Primero lo básico: ¿por qué hay que elegir un “contrato”?
Cuando te casas en Chile, no solo estás diciendo “sí” al amor 💍. También estás aceptando reglas sobre la plata, las deudas y los bienes. A ese conjunto de reglas se le llama régimen o contrato matrimonial. No elegir también es elegir: si no dices nada, la ley decide por ti.
1) Sociedad conyugal: todo en la misma bolsa
- Si uno compra una casa durante el matrimonio, es de los dos.
- Si uno emprende y le va bien, esas ganancias también son parte del “patrimonio común”.
- Al separarse o enviudar, se reparte ese patrimonio.
2) Separación de bienes: cada uno con lo suyo
- Lo que compras tú es tuyo.
- Lo que compra tu pareja es de tu pareja.
- Si compran algo juntos, queda a nombre de ambos según lo que definan.
3) Participación en los gananciales: independencia ahora, equilibrio después
- Cada uno administra lo suyo mientras están casados.
- Al final, se calcula quién ganó más y se equilibra.
¿Cuándo se elige el régimen?
- Antes del matrimonio (lo más común).
- El mismo día del matrimonio en el Registro Civil.
- Después de casados, pero requiere trámites legales.
¿Se puede cambiar después?
Sí, pero no es llegar y cambiar.
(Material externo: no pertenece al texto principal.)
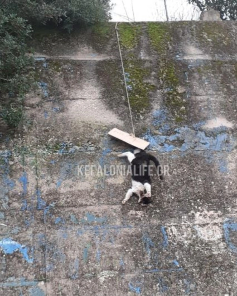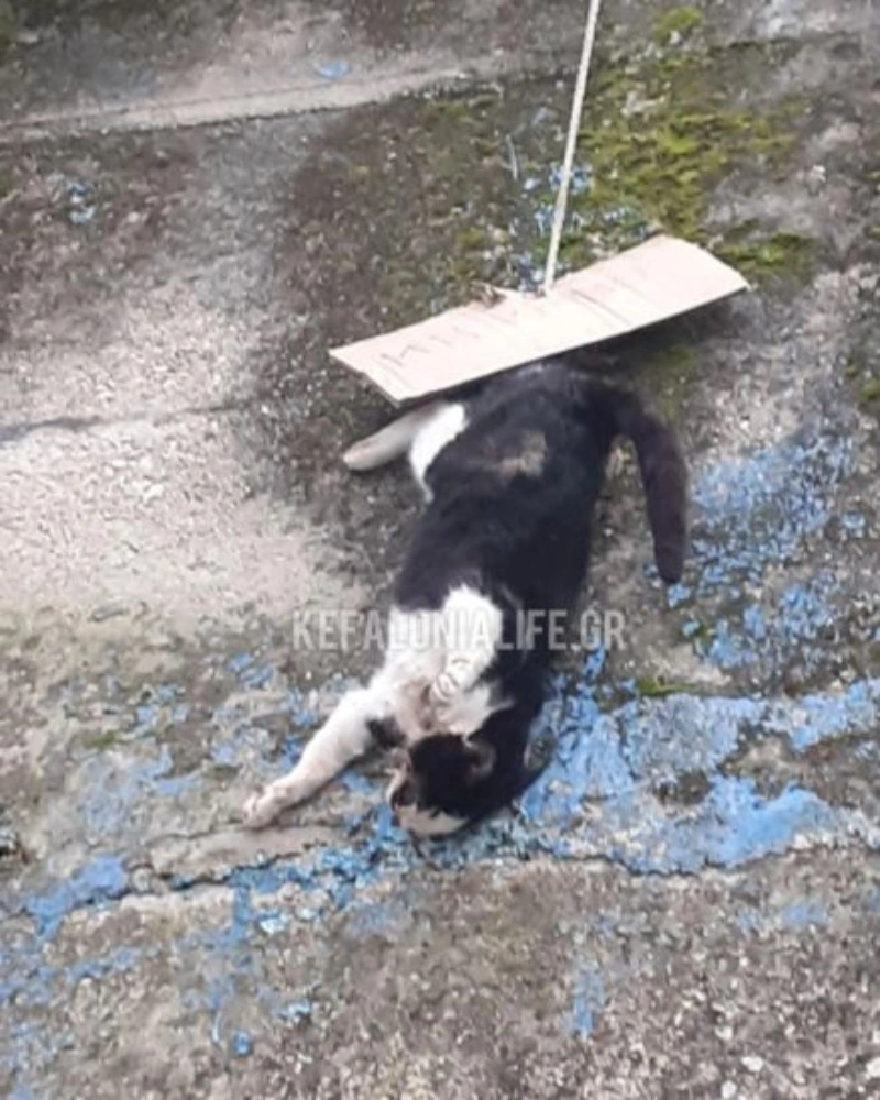 Σύμφωνα με το kefalonialife.gr, άγνωστοι σκότωσαν μία γάτα και την κρέμασαν στη συνέχεια από ένα σχοινί.

Se necesita escritura pública y hacer el trámite formal. Por eso conviene conversarlo antes, con calma y sin presión.
¿Y si no queremos casarnos? (cada vez más común)
Muchas parejas hoy optan por el Acuerdo de Unión Civil (AUC), que regula la relación sin matrimonio. Tiene reglas distintas y suele ser percibido como más flexible.